Never mind copyright abuse, porn, and corporate co-optation. Just looking at usage of the global set of point-to-point links ("tubes" per Sen. Stevens), BitTorrent and similar protocols draw down the available network capacity many times more than necessary to move files or frames from the machines that have them to the machines that want them. What can we do instead?

Maybe you're not convinced, because BT has always worked fine for you.

So, think about what happens when Haughty Hydra or Debbie Does Jeddah is released. You grab a .torrent and start downloading. Ten thousand other people do the same thing, all over the world. Most are in the U.S. and Europe. BT starts collecting chunks of the file from whoever has them. Some people who have them are right nearby, but most are far, far away. BT doesn't care where they are, it just takes them. However, the load it puts on the internet when it gets a chunk from across the Atlantic is appallingly greater than when it gets one from nearby.

Each time a packet goes onto a fiber it delays some other packet, and a transatlantic packet may do that dozens of times, going through very heavily-contested fibers. The same payload from the guy next door would have exactly equal value to you, but it would delay many, many fewer packets, over typically less heavily loaded, higher-capacity links. How did that chunk get across the ocean in the first place? Maybe it came from your neighbor, and went all the way across before you copied it back again.

Why should you care? You're paying a flat rate. However, your ISP isn't. They pay per packet, more or less, and extra load drives up prices that come back to you. Worse, you pay in reduced competition, because the companies that own the big tubes, er, pipes have an overwhelming advantage over the little ISPs who have to use them. Reports that 30% of net traffic is BT packets don't mean success, they mean failure: that same amount of data sent optimally might be hard to notice.

What is to be done? We need a protocol that chooses its chunks from the nearest possible source first. The longer you wait to ask for a chunk that's far away, the more likely it is that somebody nearby will have it by the time you do ask. Measuring distance is hard, but measuring latency is a pretty good substitute. Nobody can afford to measure distance to everybody else, but you can trade measurements with nearby nodes you discover.

We need to replace BitTorrent. Has anybody already invented this? Will you?


Yes and no., posted 10 Aug 2007 at 09:58 UTC by quad » (Journeyer)

Mainline Bittorrent has the Cache Discovery Protocol.

Azureus has both the Ono plugin and Vivaldi network distance calculations.

Something about the premise bothers me..., posted 11 Aug 2007 at 00:52 UTC by cdfrey » (Journeyer)

Bittorrent could be seen in the opposite light as well. Put a file on a server in North America, and now 100% of the file is passing across those poor small fibres, for foreign downloads.

At least with Bittorrent, there's a chance you can grab a piece from your next door neighbour.

I don't think that 30% means failure either. It just means people want to share files. Bittorrent is just the best way to do it currently, no matter who you are, individual or megacorporation.

I'm glad to see optimization is being looked into. Seems to be following usual software practice as well: first implement the feature, then worry about optimization.

Local throughput is higher, posted 12 Aug 2007 at 18:17 UTC by Zaitcev » (Master)

The opening blurb ("many times more than necessary") is patently false. A user of a torrent does not download the same piece twice or more more, so the bandwidth use is the same as with FTP. So, opening with blatant lies ruins the article.
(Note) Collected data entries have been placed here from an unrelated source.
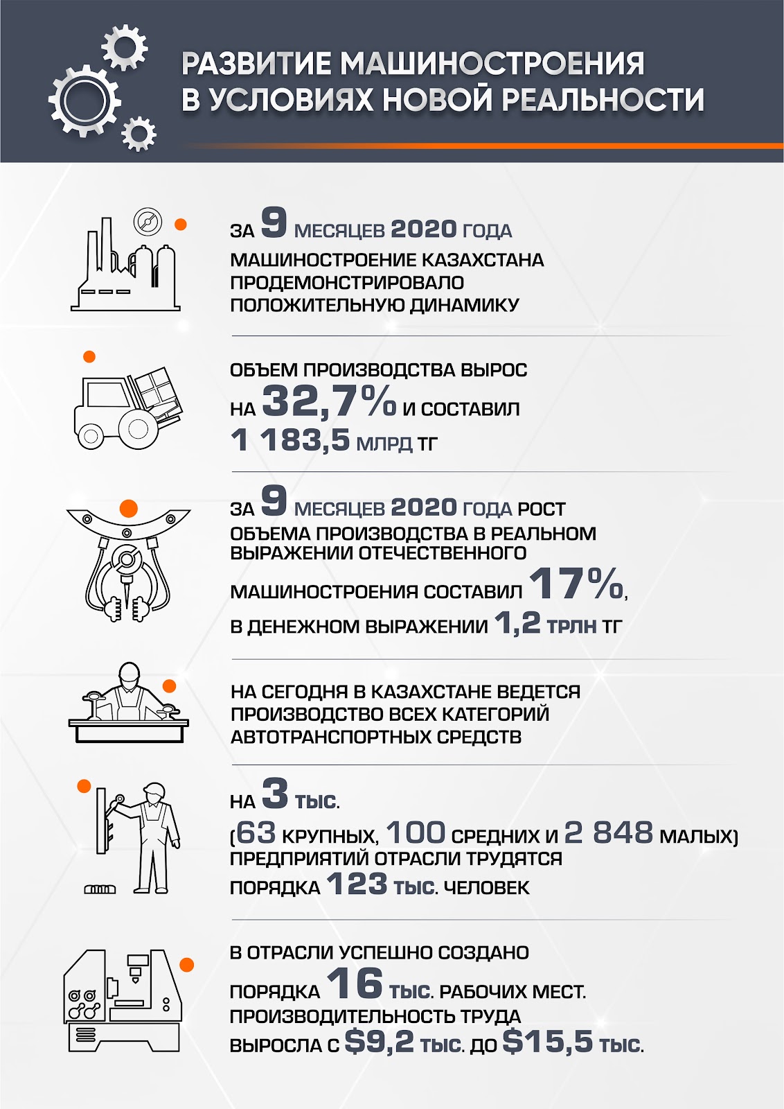 «Несмотря на кризис пандемии, отечественные машиностроители практически не останавливали производство. По итогам 9 месяцев 2020 года рост объема производства в реальном выражении отечественного машиностроения составил 17%, в денежном выражении 1,2 трлн тг. За последние 10 лет индустриализации в машиностроении объем производства вырос в четыре раза, инвестиции – в 2,5 раза, объем экспорта вырос в 3 раза», — отметил председатель правления «Союза машиностроителей Казахстана» Мейрам Пшембаев.
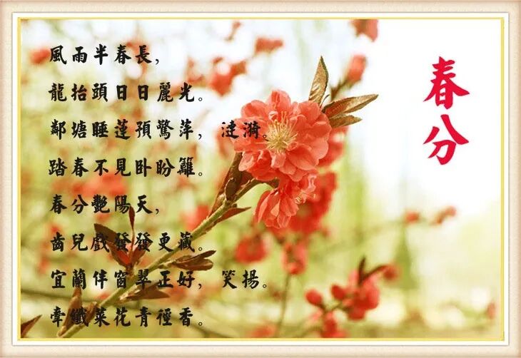 春分,又称“日中”、“日夜分”、“仲春之月”,是“二十四节气”之第四个节气。“春分者,阴阳相半也。故昼夜均而寒暑平”。一个“分”字道出了昼夜、寒暑的界限。历书中记载“斗指壬为春分,约行周天,南北两半球昼夜均分,又当春之半,故名为春分。
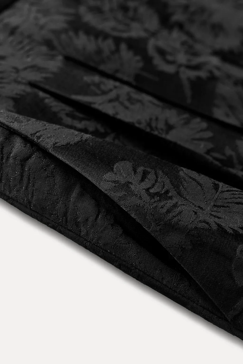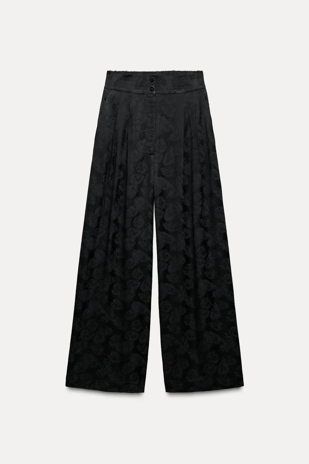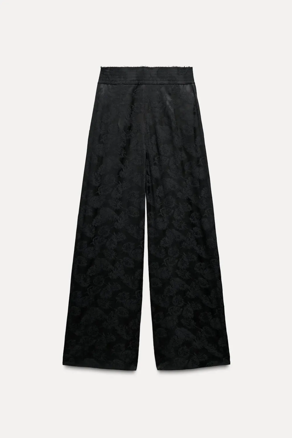 Pantalón de tiro medio y cintura deshilachada. Detalle de tejido en jacquard floral. Pinzas en delantero. Pierna ancha. Cierre frontal con cremallera y botones.
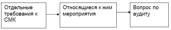 Проверка начинается с раздела 4 «Система качества». Аудитор проверяет документированную систему качества. Оценивает, существует ли постоянное совершенствование и рост эффективности системы качества? Измеряет, наблюдает, анализирует ли организация процессы? Определяет, что делает организация для постоянного совершенствования процессов?
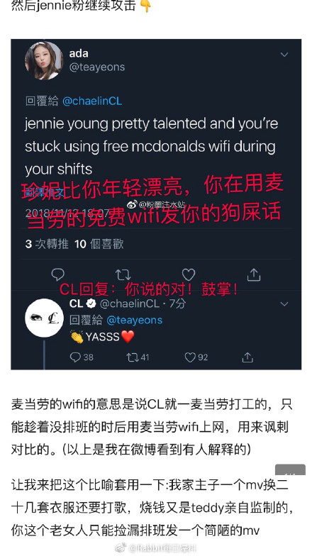 12日適逢Jennie單曲發行,就有Jennie粉絲在Twitter上開嗆CL,並表示「Jennie比你年輕漂亮」,而CL竟不甘示弱回應粉絲「你說的對」並附上鼓掌符號。此前,CL就在Twitter上發文,被外界懷疑暗指Jennie實力不足,文中顯示「你不要期望兔子可以殺死老虎」,意外和Jennie粉絲展開鍵盤戰。
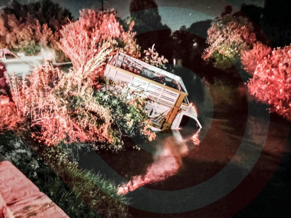 Una camioneta con caja de redilas, cargada con neumáticos y accesorios, fue asegurada tras caer durante la huida dentro de un canal de aguas negras que cruza por la zona.

The locality argument would have carried some weight if the author provided measurements in support of the thesis. Otherwise one may argue that most torrent connections are local in Internet terms, because local connections offer better bandwidth. Whenever I sample my connections, the majority of users are in North America and very few are in Europe. That's because the transatlantic links are congested and so their throughput is lower. To be sure, this beneficial effect is mitigated by users throttling at the endpoint and thus distorting the picture that a node observes. So we don't know what is right. But this is just why actual research is important instead of handwaving.

When citing "reports" it helps, you know, actually citing them. For one thing, I "heard" "reports" that 75% of traffic on an unnamed "backbone networks" is BT. And which number is right? Maybe both?

Re: Local throughput is higher, posted 12 Aug 2007 at 19:43 UTC by bi » (Journeyer)

"Many times more than necessary" is not really patently false, unless you somehow manage to interpret that to mean "many times more than FTP, which as cdfrey points out probably makes packets go longer distances than necessary anyway".

(But that's just my charitable interpretation of your interpretation. A less charitable interpretation would be something like "my own argument about terrorism and left-wingers was totally busted by ncm, so I'll look for a flimsy excuse to interpret his words in the worst light possible so that I can say something bad about him.")

Anyway, the Cache Discovery Protocol does sound like what ncm wants. But I'm interested to know what further work there is in improving audio and video compression, so that people don't even have to download that much data in the first place.

Compared to what?, posted 14 Aug 2007 at 21:46 UTC by ncm » (Master)

I don't want to make assumptions about why Pete missed the point so badly. We all have lapses. Suffice to say that I never mentioned FTP. I would not have guessed anybody would see FTP as a standard of comparison for optimal use of network resources. Worst case, maybe.

To be precise, an optimal distribution mechanism would send each chunk across the transatlantic link exactly once. If a chunk is sent across five times, that's five times more than necessary. Never mind that FTP might run it across five thousand times.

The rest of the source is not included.